作り終わったころには腕の筋肉が痙攣していた。
「母様、お疲れ様です。大丈夫?」
そういいながら私に冷やしてあるタオルを渡してくれるアディーは将来きっといいお嫁さんになる。
「アディーありがとう。アディー先に食べてきて、母様ちょっとここで休むから。ね?」
「で、でも。」
アディーは基本私が食べないと自分も食べない。何回か先に食べても遠慮して食べないのでアディーに二人分の食べ物を取って貰い二人でちまちま食べながら話した。私たちが食べ終わると今度は料理人たちとメイドたちが群がってきた。異世界の料理を作るときにまた味見させてほしいと言われた。
さすがにこの量ではないとわかっているけど、受けが良くて良かったと思って「いいですよー」と言ったら服の裾を軽く引っ張られ、引っ張られた方向を見るとムスッとしたアディーがいた。
「側室である母様に重労働をさせる気ですか。母様もそんなに簡単に許可したらだめですよ!」
・・・かわいい!!!
ママの心配してくれるアディーのやさしさに泣けてくる。
「アディー多分、味見としてつくる量は今日と同じ量じゃなくて私たちが食べる分とあと一人分ぐらいだと思うよ。心配してくれてありがとうね。母さんアディーみたいな優しい子がそばにいてくれるだけで嬉しいな。」
そういいながらアディーを見ると耳とほほが真っ赤になってて可愛い。正直「真っ赤になってるーかーわーいーいー!」って声を大にして言いたいけど、たぶん言ったら嫌われるような気がして心の中でそう叫んでた。

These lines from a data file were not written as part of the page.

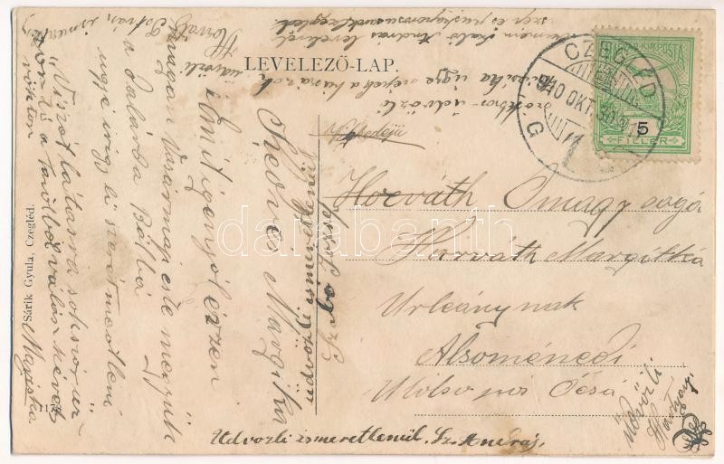 1910 Cegléd, Református templom. Üdvözlet, montázs a laktanya udvaráról levelet író katonával. Sárik Gyula 1178. (r)
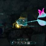 At this point, you could just leave the cave and go back to Ofryc. But that wouldn’t be any fun, would it? As you exit the Godless executioner’s chamber, there’ll be a cave path to your right which you can climb up, helping you go towards that B marker to find the Aedyrans. At the top, you’ll notice a glowing purple crack in the ground, and a gap you can crouch through just on the other side. Go through that gap, then follow the path and drop down through the bigger hole in the cave floor.
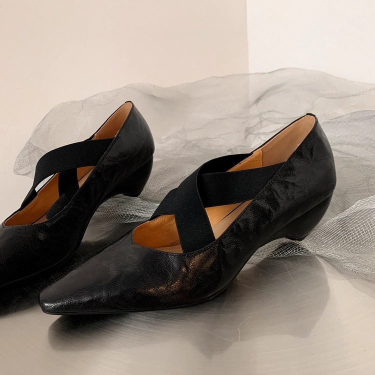 本革のフランス式の小さい衆の錐の形と角の頭の交差はメアリーの珍の靴の女性の2025年の春の百合の中で靴とシングルの靴を持ちます。
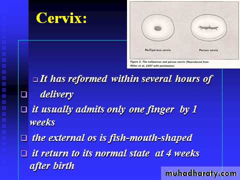 In first few days, the cervix can readily admit two fingers , but by the end of the second weeks the internal os should be closed. However, the external os can remain open permanently , giving characteristic appearance to the parous cervix.In the first few days , the stretched vagina is smooth & oedematous , but by the third week rugae begin to reappear
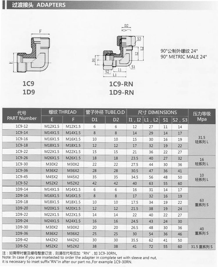 1C9-12,1C9-14,1C9-16,1C9-18,1C9-22,1C9-26,1D9-30,1D9-36,1D9-42,1D9-52,過(guò)渡接頭
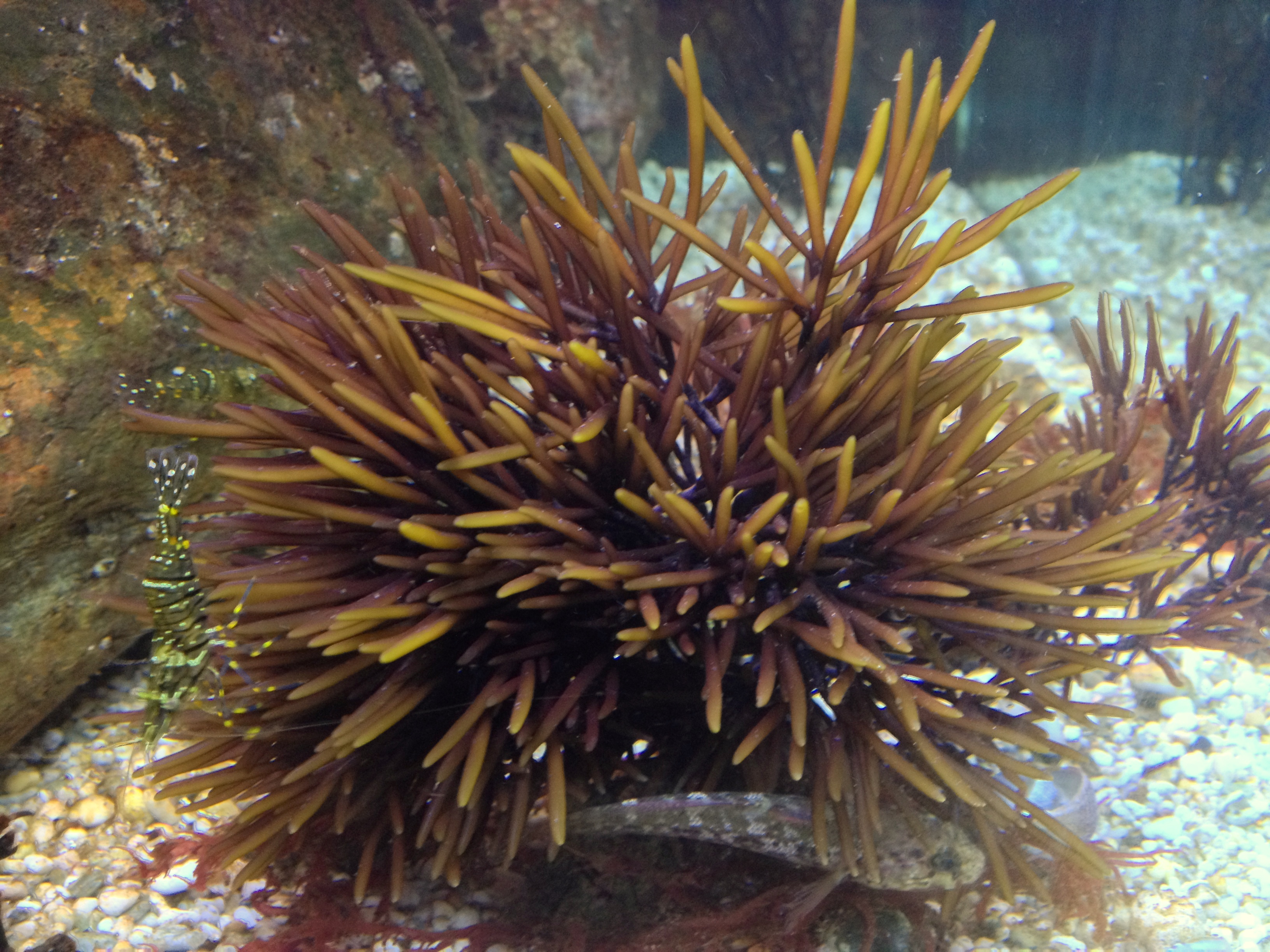 I am not sure whether replacing one of the actinic lamps with the daylight lamp was such a great idea, the tank looks too yellowish now, especially with the Maerl sand…However, I will stick with it and see whether it helps future attempts to successfully keep Bushy rainbow wrack Cystoseira tamariscifolia (i.e. to retain it’s iridescence). If not, I’ll go back to the original lighting. I will not do too much with the aquarium in the near future as I want to get rid of the algae first. There are not many critters in the tank, which should help (I have only introduced a nice big Snakelocks anemone Anemonia viridis recently). I will do some more water changes and order a new pump. Only then will I slowly start experimenting with seaweeds again.
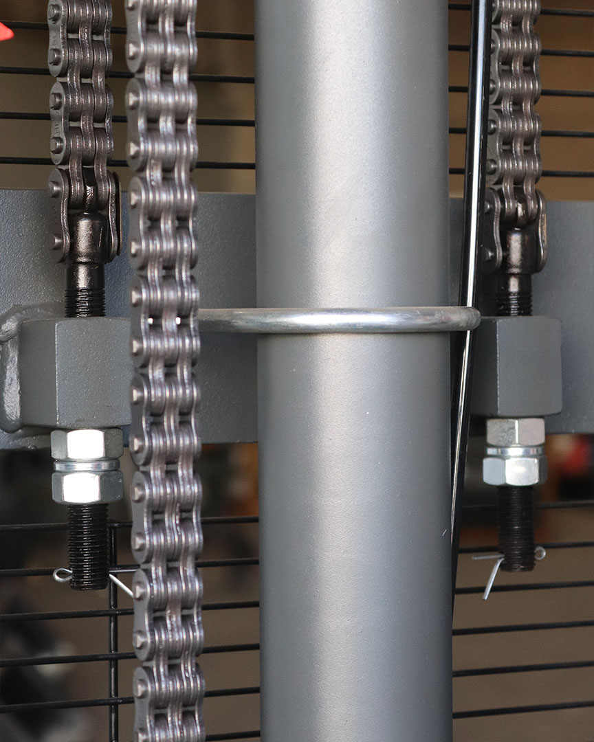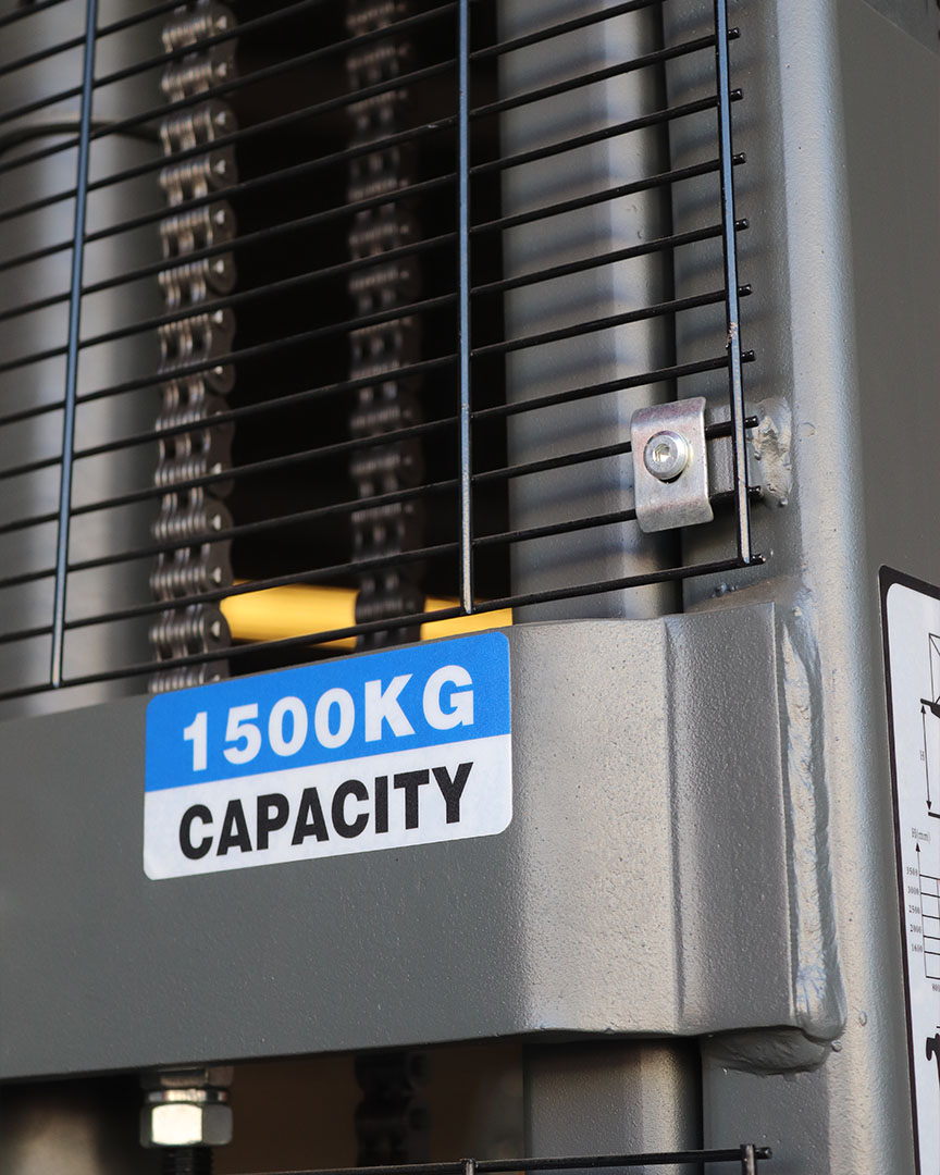 Diseñada para Operaciones de Carga de Hasta 1.500 kg y una Altura de Elevación de Hasta 3 Metros, esta Máquina está Pensada para Trabajar de Forma Eficiente y Segura dentro de Almacenes con Suelo Plano. Su diseño Compacto, junto con Ruedas Pequeñas, permite una Excelente Maniobrabilidad y un Uso Cómodo entre Estanterías y Pasillos Estrechos, Optimizando el Espacio de Trabajo. Incorpora Rejilla de Protección, que Brinda Mayor Seguridad al Operador durante las Tareas de Elevación. Equipada con una Botella Hidráulica Central de Alta Calidad y Cadena de Triple Eslabón.
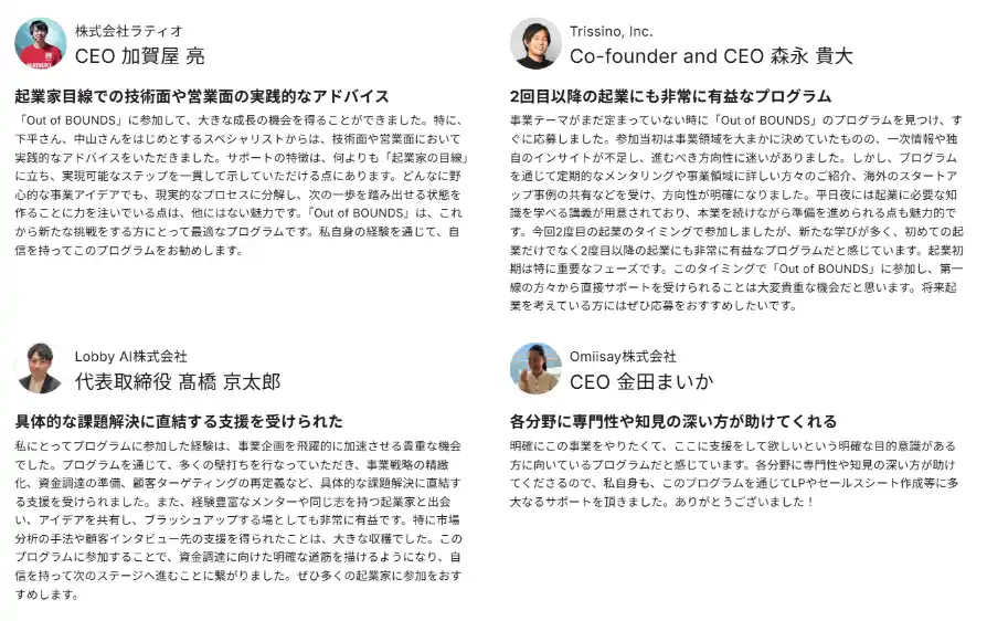 「Out of BOUNDS」は、“これまでの常識や境界を超え、新たな未来を切り拓く”という想いを込めた創業支援プログラムです。挑戦者がリスクを恐れずに自ら限界を押し広げ、社会を大きく変革するユニコーン企業への成長を目指し参加チームの皆様と伴走してきました。 |

周りからもなんか生暖かい目で見られてちょっと居心地が悪くなったのでニッキーに一声かけてアディーと私の部屋に入った。今日は久々に私が先にお風呂に入ってからベッドに入ったけど、隣の部屋はまだ電気がついていた。珍しいな。
いつもは私が寝る前に寝て私が起きる前に起きてるはずなんだけど・・・
まぁ、年頃の娘だしいろいろあるよね、と自分を納得させ目を閉じたらいつの間にか意識が途切れた。